Il ricercatore principale dello studio ha avvertito in particolare sulle diete a basso contenuto di carboidrati. “Le diete a basso contenuto di carboidrati potrebbero essere utili a breve termine per perdere peso, abbassare la pressione sanguigna e migliorare il controllo dello zucchero nel sangue”, ha detto in una dichiarazione il dott. Maciej Banach, dell’università medica di Lodz, in Polonia.

“Ma”, ha aggiunto, “il nostro studio suggerisce che a lungo termine sono collegati con un aumento del rischio di morte per qualsiasi causa e decessi dovuti a malattie cardiovascolari, cerebrovascolari e cancro”.

I risultati si basano sui dati di uno studio del governo statunitense che ha esaminato in media 24.825 adulti che avevano circa 48 anni. Ai partecipanti è stato chiesto delle abitudini alimentari usuali, compresa la quantità di carboidrati che hanno consumato. La squadra di Banach li ha divisi in quattro gruppi in base alla percentuale di carboidrati nella loro dieta.

Complessivamente, il quarto con l’assunzione di carboidrati più bassa ha avuto un rischio maggiore del 32% di morire nei successivi sei anni, rispetto a quelli che hanno mangiato di più. Le loro probabilità di morire per malattie cardiache o ictus erano circa il 50% più alte, mentre il rischio di morte per cancro era del 35% superiore, hanno riferito i ricercatori.

Naturalmente, ci possono essere molte differenze tra le persone che optano per diete low-carb rispetto a quelle a più alto contenuto di carboidrati: potrebbero, ad esempio, cercare di perdere peso.
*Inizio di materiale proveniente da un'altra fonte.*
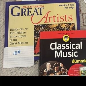All prices listed. Scribblers $85, Drawing w/children 15, my body $5, Janice Van cleaves 201 experiments $15, discovering great artists $15, classical music for dummies $20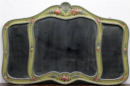 Lotto composto da due specchiere laccate in legno dorato di forma mossa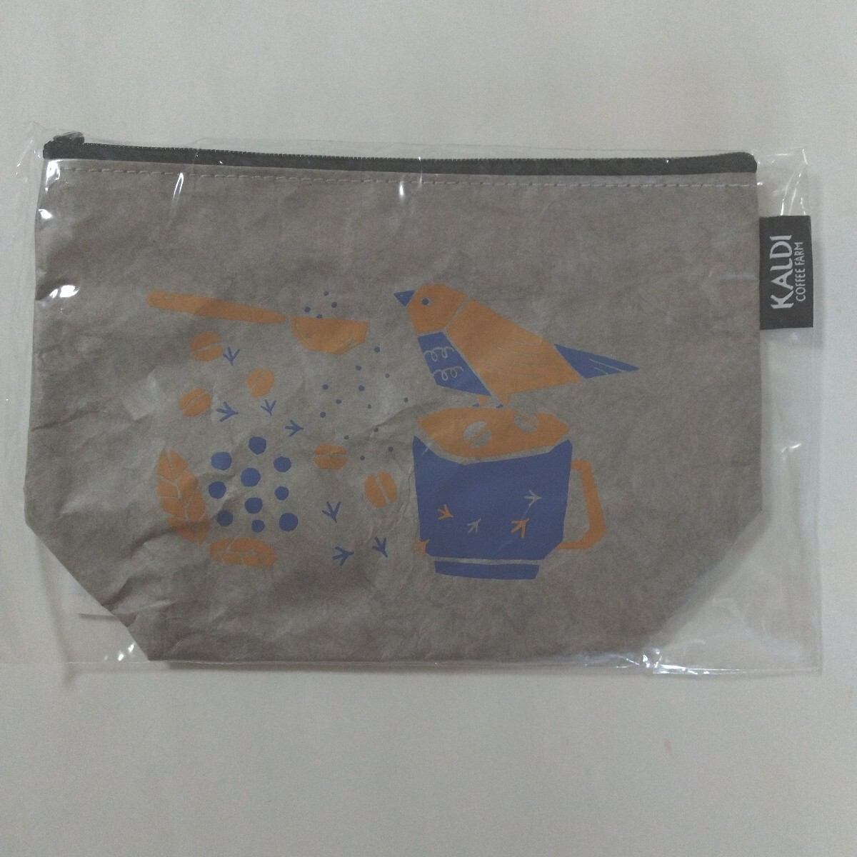- ☆KALDI カルディ オリジナル クラフトポーチ グレー 小鳥 ノベルティ 送料無料☆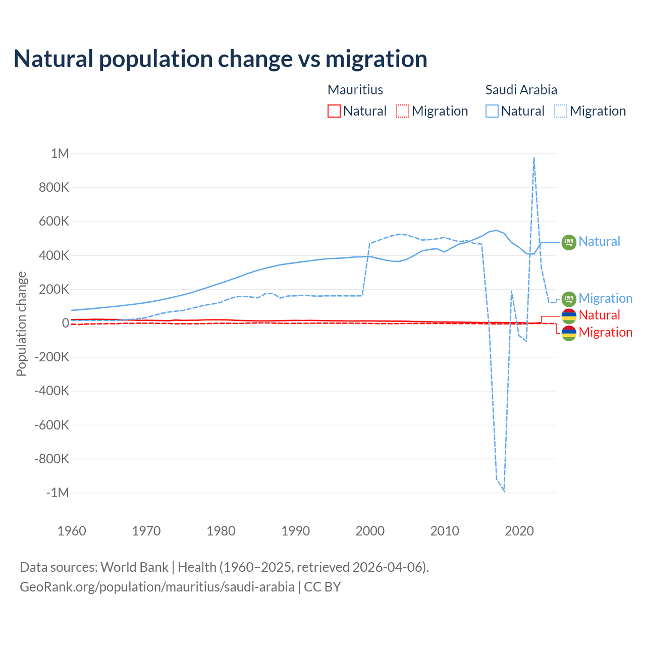 Over the last 10 years, 30.9% of the population change in Mauritius is from natural causes (a gain of 19,327 people) and 69.1% is from migration (a loss of 43,294 people). In Saudi Arabia 93.9% is from natural causes (a gain of 4,829,562 people) and 6.05% is from migration (a gain of 311,209 people).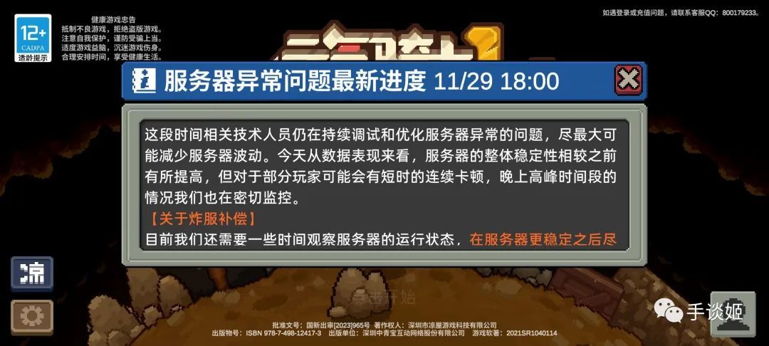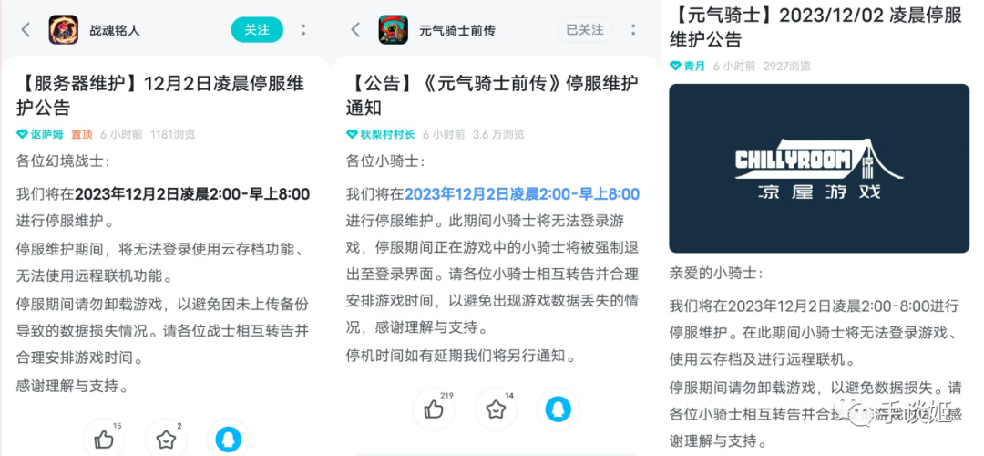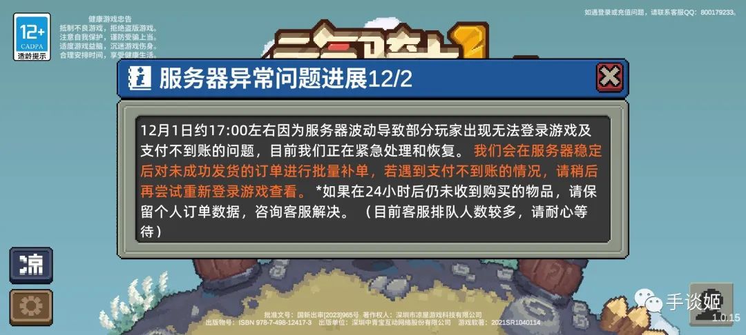 12月2号还停服修了一段时间,依然没完全修好。网友们还发现,那天凉屋的多款游戏停服,看来是大家公用一个服务器了?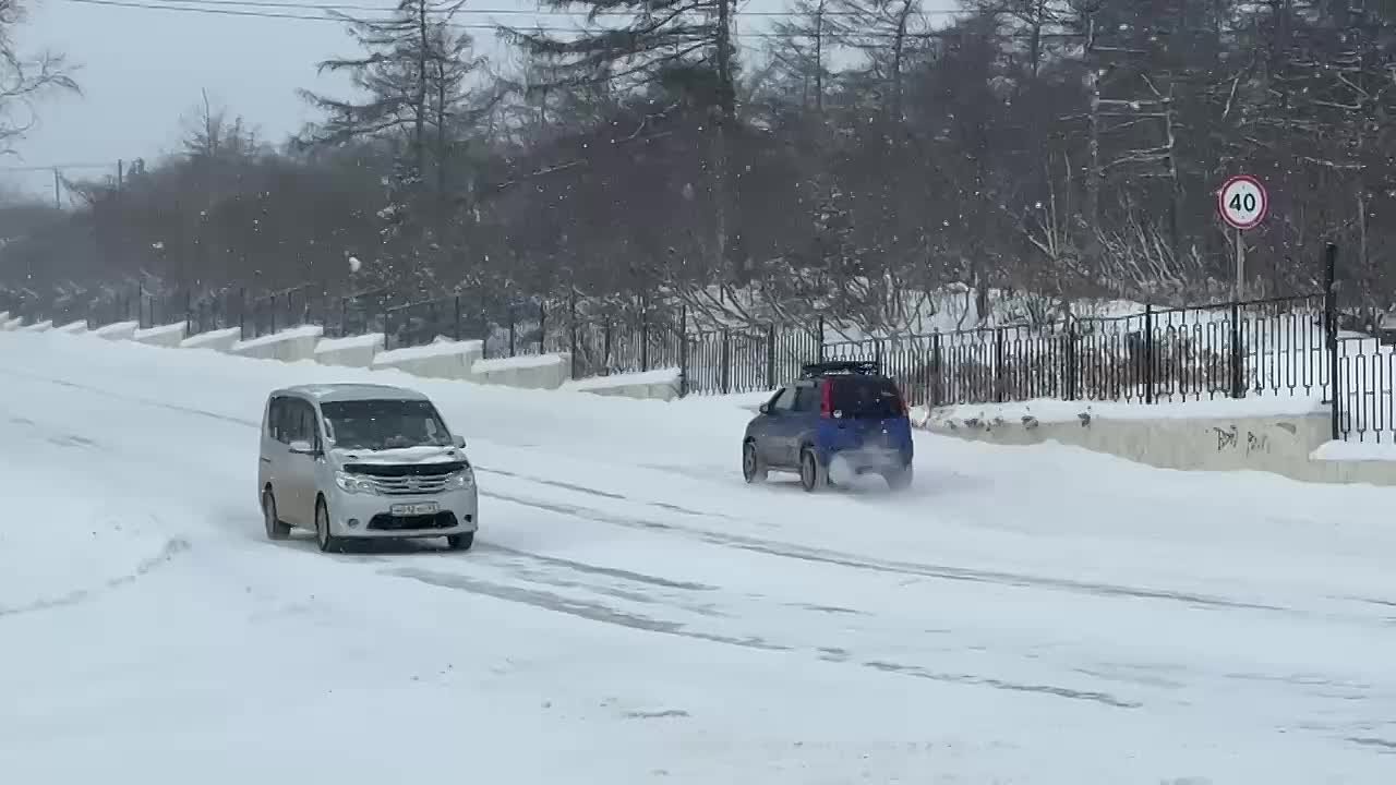 Непогода принесла ветер с порывами до 20 метров в секунду и снег. В основном, ночью. Сейчас ветер начинает немного стихать, но полностью циклон покинет северные районы только завтра. А пока немного снежной Охи в ленту

I ricercatori hanno tenuto conto del peso corporeo delle persone, insieme ad altri fattori, come il fumo, le abitudini e il reddito. E le diete povere di carboidrati erano ancora legate a un più alto rischio di morte precoce.
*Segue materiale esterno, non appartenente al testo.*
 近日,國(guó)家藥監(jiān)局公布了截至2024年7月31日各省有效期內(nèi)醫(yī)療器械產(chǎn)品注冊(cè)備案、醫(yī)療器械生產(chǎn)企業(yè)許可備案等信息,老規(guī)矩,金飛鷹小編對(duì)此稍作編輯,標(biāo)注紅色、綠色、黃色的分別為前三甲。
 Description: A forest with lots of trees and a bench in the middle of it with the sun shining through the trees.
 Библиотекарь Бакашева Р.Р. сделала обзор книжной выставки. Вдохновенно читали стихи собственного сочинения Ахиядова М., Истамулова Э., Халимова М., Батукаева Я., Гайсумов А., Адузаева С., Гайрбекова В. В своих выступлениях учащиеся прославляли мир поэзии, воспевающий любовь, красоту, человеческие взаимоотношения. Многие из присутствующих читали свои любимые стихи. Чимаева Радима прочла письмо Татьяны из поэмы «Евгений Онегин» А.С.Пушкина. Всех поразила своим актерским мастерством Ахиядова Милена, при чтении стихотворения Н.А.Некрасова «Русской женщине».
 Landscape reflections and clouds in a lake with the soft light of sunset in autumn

Gli investigatori hanno quindi cercato di confermare i risultati osservando i dati di sette studi a lungo termine che hanno seguito più di 447.000 persone per circa 16 anni. Nel complesso, le persone che hanno mangiato il minor numero di carboidrati avevano un rischio maggiore del 15% di morire durante il periodo di studio, rispetto a quelli che mangiavano un numero maggior di carboidrati.

Il dott. Todd Hurst è un cardiologo presso il Banner University Medicine Heart Institute, a Phoenix. Come Diekman, ha detto che i risultati non dimostrano la causa e l’effetto.
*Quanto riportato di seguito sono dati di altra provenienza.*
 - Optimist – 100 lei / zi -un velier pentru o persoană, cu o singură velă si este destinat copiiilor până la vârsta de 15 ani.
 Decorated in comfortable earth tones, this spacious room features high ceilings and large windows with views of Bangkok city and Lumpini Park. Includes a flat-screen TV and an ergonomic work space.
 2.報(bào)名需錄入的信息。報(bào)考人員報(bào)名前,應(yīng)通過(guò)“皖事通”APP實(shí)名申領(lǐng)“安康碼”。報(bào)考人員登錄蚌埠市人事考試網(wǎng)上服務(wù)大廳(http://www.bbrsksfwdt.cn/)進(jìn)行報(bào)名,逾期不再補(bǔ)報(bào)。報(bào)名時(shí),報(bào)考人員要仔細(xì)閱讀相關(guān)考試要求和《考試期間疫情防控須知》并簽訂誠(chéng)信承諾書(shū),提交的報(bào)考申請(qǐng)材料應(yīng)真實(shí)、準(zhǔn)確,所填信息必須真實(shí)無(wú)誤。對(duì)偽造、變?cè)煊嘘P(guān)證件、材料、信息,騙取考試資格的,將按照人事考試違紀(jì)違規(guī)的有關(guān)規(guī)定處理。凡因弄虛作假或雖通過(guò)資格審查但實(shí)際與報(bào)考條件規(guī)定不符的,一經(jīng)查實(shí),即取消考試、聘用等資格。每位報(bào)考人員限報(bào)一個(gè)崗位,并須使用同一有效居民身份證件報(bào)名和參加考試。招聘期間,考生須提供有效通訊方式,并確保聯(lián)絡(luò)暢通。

Ad un livello più ampio, Hurst ha dichiarato: “Penso che l’attenzione sui macronutrienti nella dieta sia fuorviata”.

I macronutrienti includono carboidrati, proteine ??e grassi. E questa informazione da sola, ha detto Hurst, dice poco sulla qualità della dieta.

Una dieta ricca di carboidrati piena di frutta, verdura, cereali integrali, noci e semi è molto diversa da una dieta ricca di carboidrati carica di alimenti trasformati, ha sottolineato. Allo stesso modo, una dieta a basso contenuto di carboidrati che ha una varietà di cibi integrali è diversa da quella a base di carne e burro.

“Dico ai miei pazienti che non esiste un’unica dieta ‘sana’”, ha detto Hurst. Invece, suggerisce di evitare gli alimenti trasformati e di ottenere molti alimenti integrali ricchi di sostanze nutritive.

Quando si tratta di perdere peso ed essere in buona salute, ha detto Hurst, è fondamentale apportare cambiamenti dietetici che possano essere mantenuti a lungo termine.

Le ricerche presentate alle riunioni mediche dovrebbero essere considerate preliminari fino a quando non saranno pubblicate in una rivista peer-reviewed.